3

70 % of muscle is water. Less than 30 % is protein. 10 kg (22 pounds) of muscle contain less than 3000 g protein. It takes several months to build that much muscle.

That is bodybuilders need 3000g extra protein per few months which is not that big.

  • 3000g not 300g. – John Pietrar Jun 16 '17 at 11:28
  • @JohnPietrar: Sorry, corrected. – Vinayak Kaniyarakkal Jun 16 '17 at 11:32
  • Also, 30% of muscle is not "protein", it is is various structures within the fibers and cells that use protein for building and repair. – JohnP Jun 16 '17 at 17:45
  • 1
    Thats why I mentioned less than – Vinayak Kaniyarakkal Jun 17 '17 at 14:55
7

There are already some answers that address this, basically tissue is being torn down and needs to be repaired.
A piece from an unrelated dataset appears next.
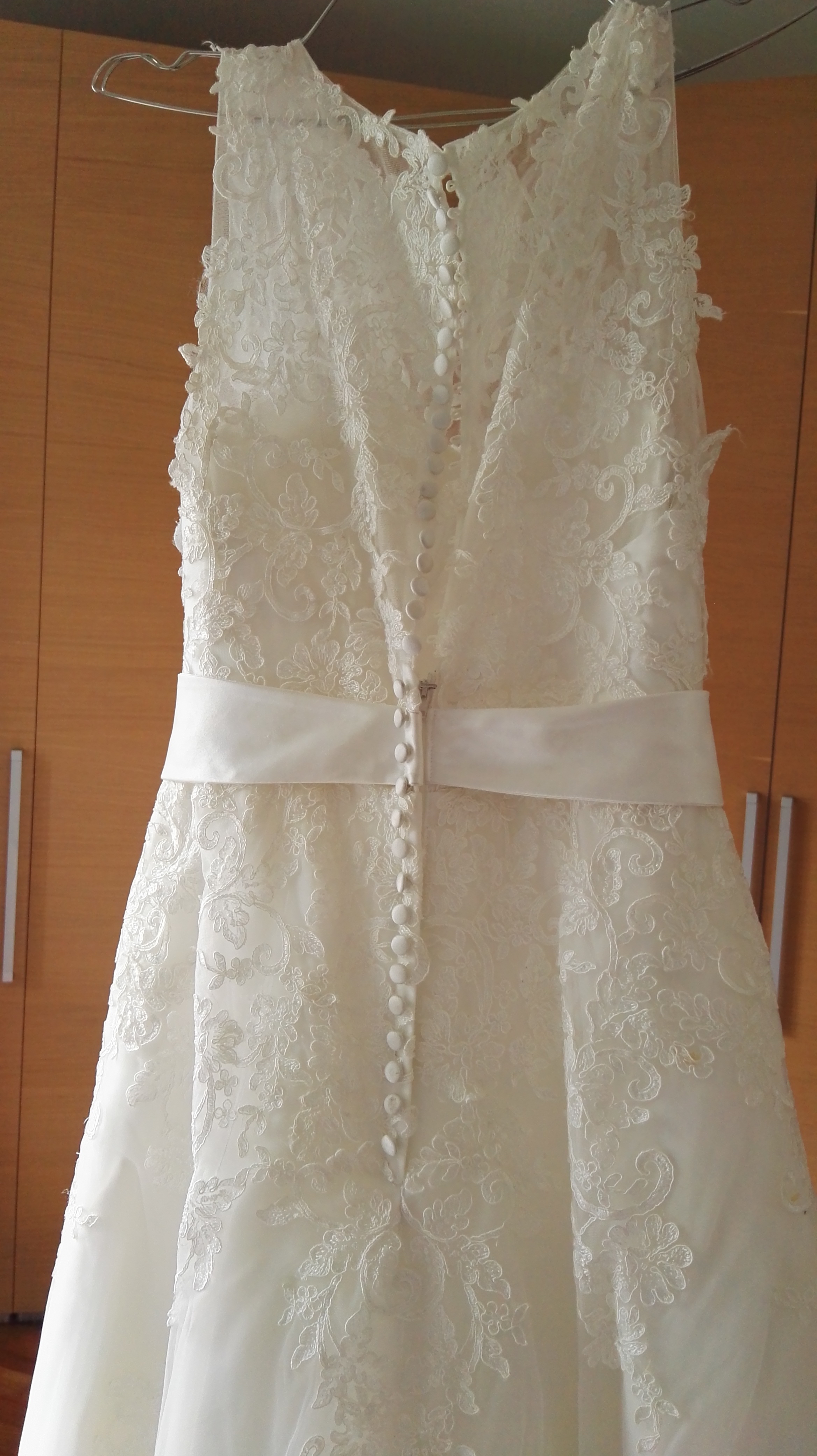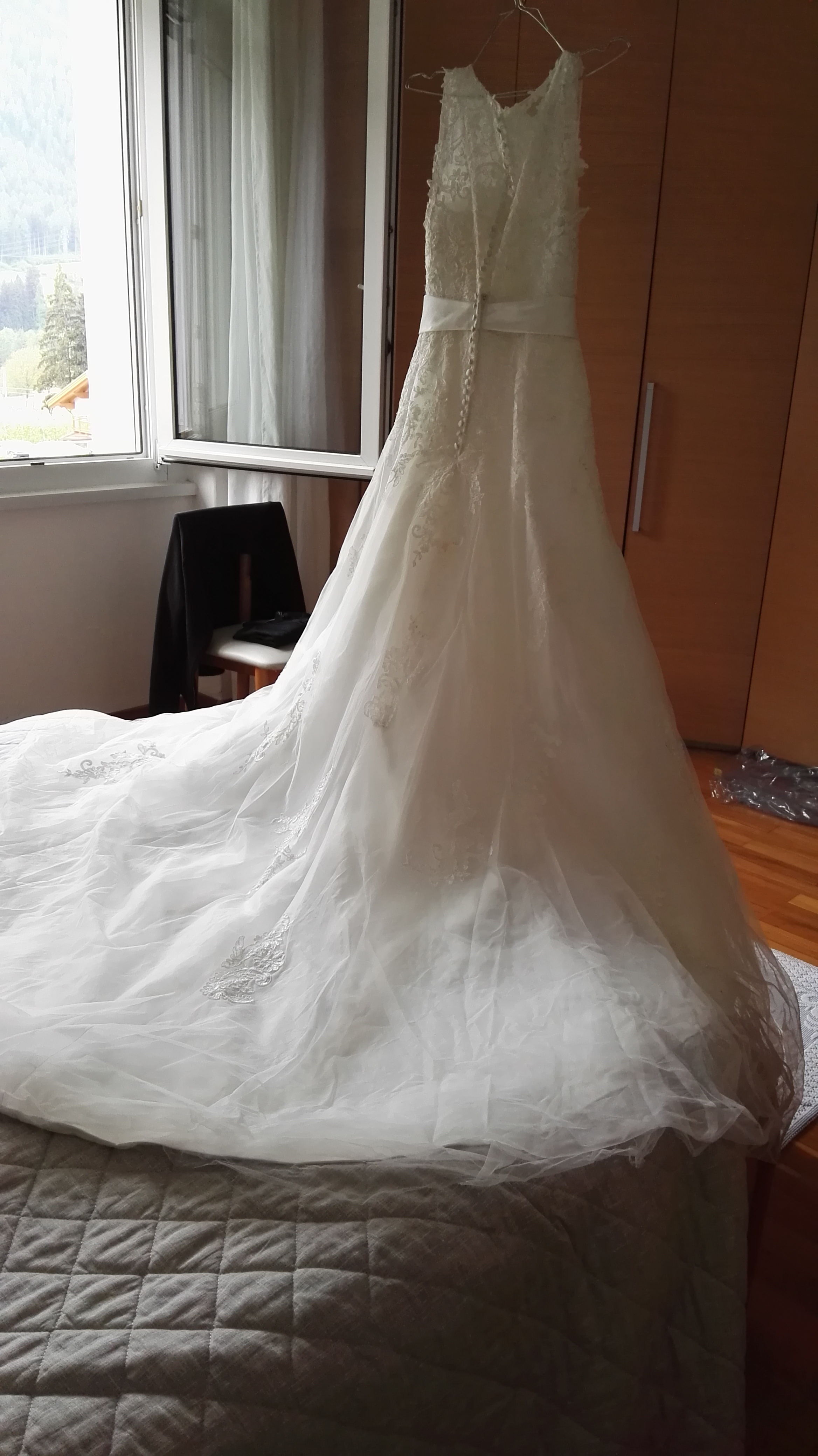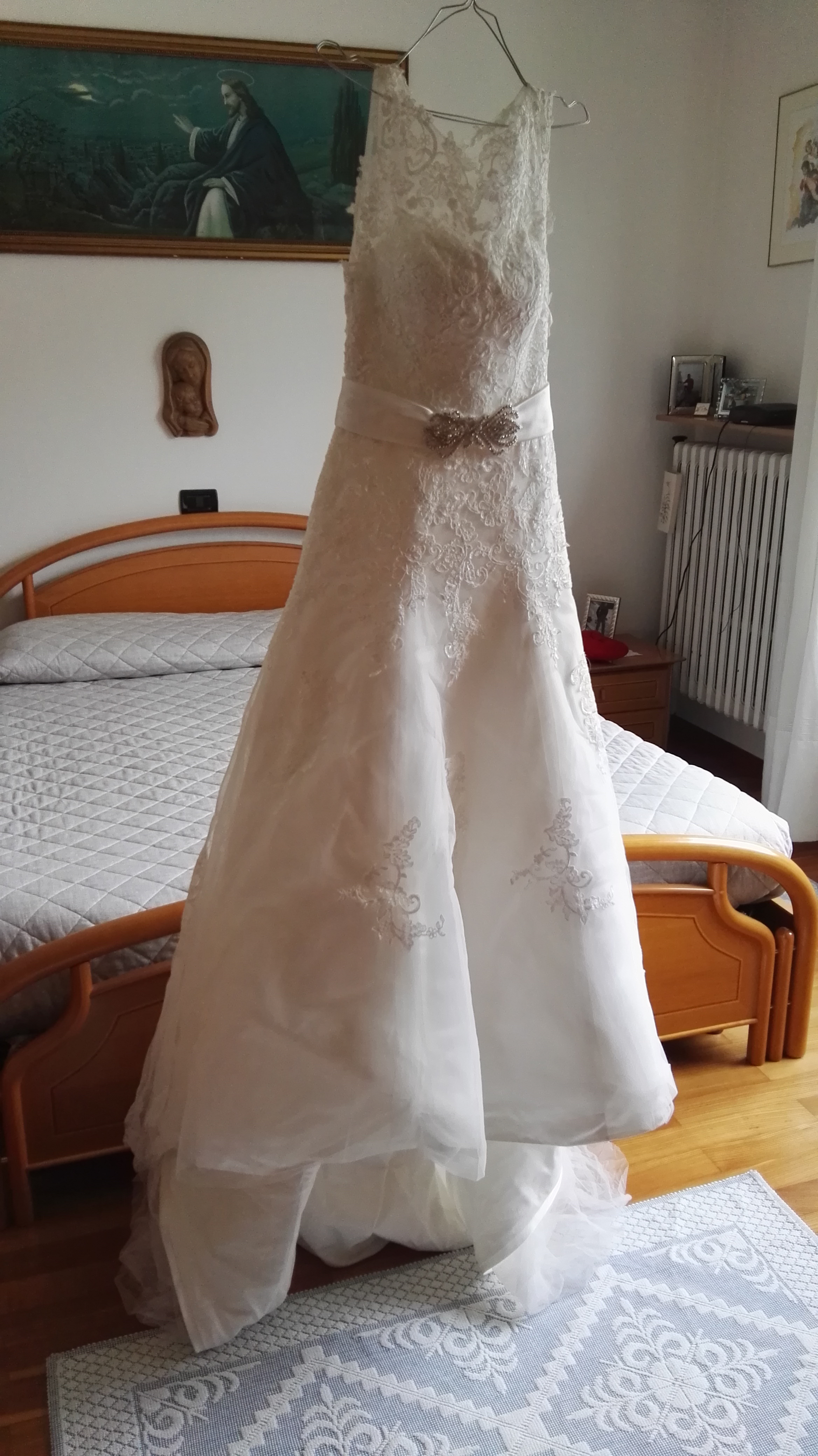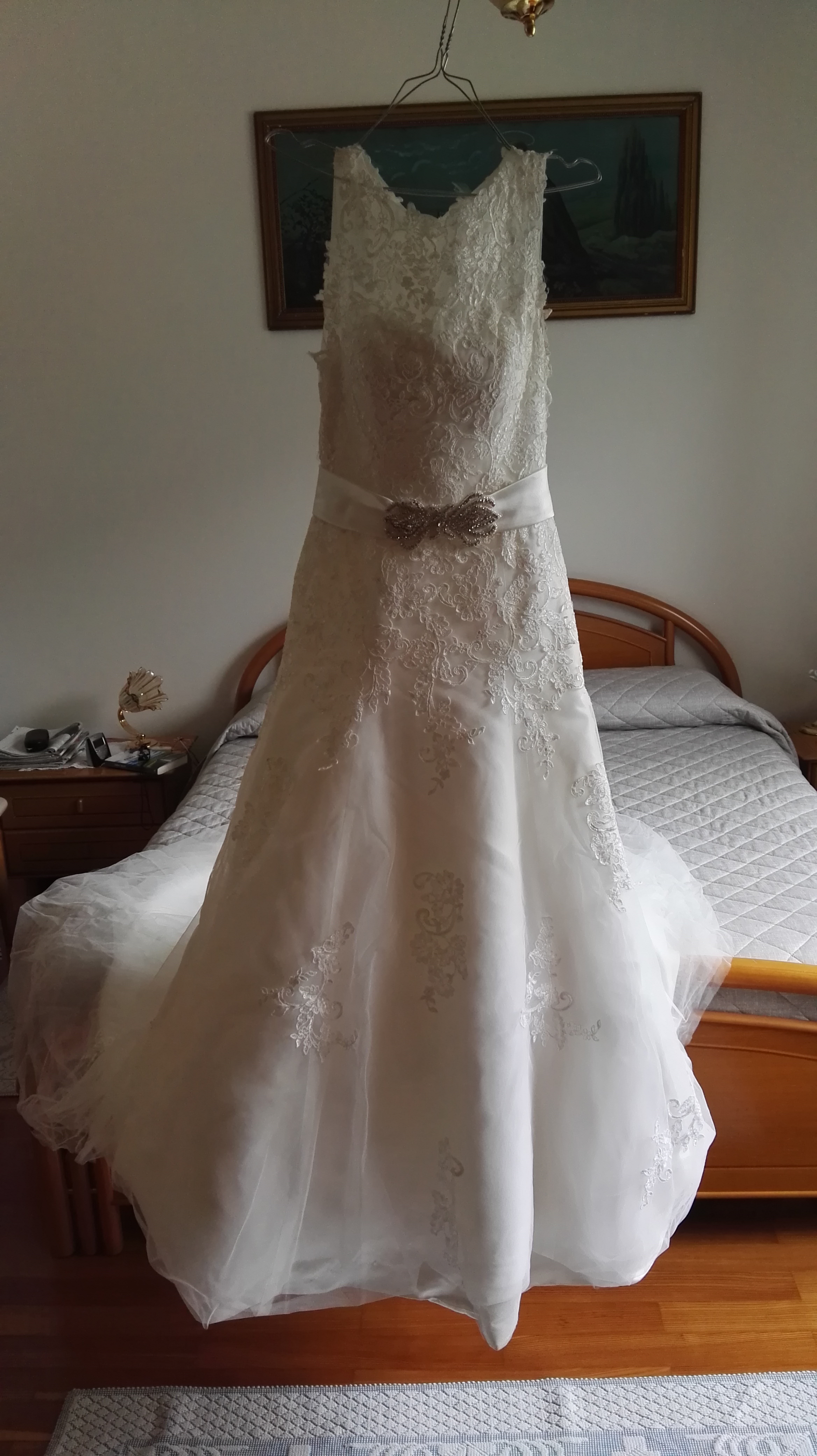Vestito da sposa taglia 42. Senza maniche. La parte sopra è di pizzo,molto elegante. Con esso posso includere le scarpe,un 37, anch’esse usate solo una volta. Abito lavato in lavanderia e conservato nel suo astuccio.
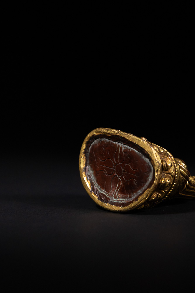 This Tibetan gold gilt bronze figure depicts a seated Buddhist figure, identifiable as an arhat or lama. The figure is rendered in *padmasana* with hands resting in a meditative gesture, wearing simple monastic robes draped over the left shoulder. The expression is serene, with elongated ears and a shaven head, characteristic of Himalayan or Tibetan Buddhist iconography. It is set upon a double-lotus pedestal. The underside of the base features an intact reddish-brown sealing plate, possibly lacquered wood or a composite material, incised with a stylized auspicious Buddhist symbol.

But it goes further: there are simply a pile of benefits to upping protein (2012 study):

Protein seems to play an important role in the emergence of [feeling full]. Long-term ingestion of a high-protein diet not only decreases food intake but also lowers animals’ body weight and reduces body [fat deposits] in animals and humans.

Just at a baseline (no strength training involved), a 170lb man would need 61.2 grams of protein according to the US RDA. So bumping that up to the generally accepted "1 gram of protein per pound of bodyweight" is a 110 gram bump from the baseline.

Beyond the gram-for-gram measurements, there's a lot going on about availability (2005 review):

The response of muscle protein metabolism to a resistance exercise bout lasts for 24-48 hours; thus, the interaction between protein metabolism and any meals consumed in this period will determine the impact of the diet on muscle hypertrophy. Amino acid availability is an important regulator of muscle protein metabolism.

Boiled down, there are three reasons for the protein recommendations:

1) Muscle Repair. You are destroying muscle tissue when you do resistance exercises, and your body needs building materials (protein) repair that damage:

Resistance training leads to trauma or injury of the cellular proteins in muscle. This prompts cell-signaling messages to activate satellite cells to begin a cascade of events leading to muscle repair and growth.

2) Carbohydrates. There is a lot going on with carbohydrates and although your body needs them, they tend to make up too much of a western diet and need interfere with muscle growth via insulin response, and promote fat storage. If you have a 2,500 calorie full of carbs and you increase your protein, chances are you'll be opting for chicken instead of bread.

3) Availability. Muscle repair can take dozens of hours to complete, during which the easy access to amino acids promotes tissue repair and regeneration.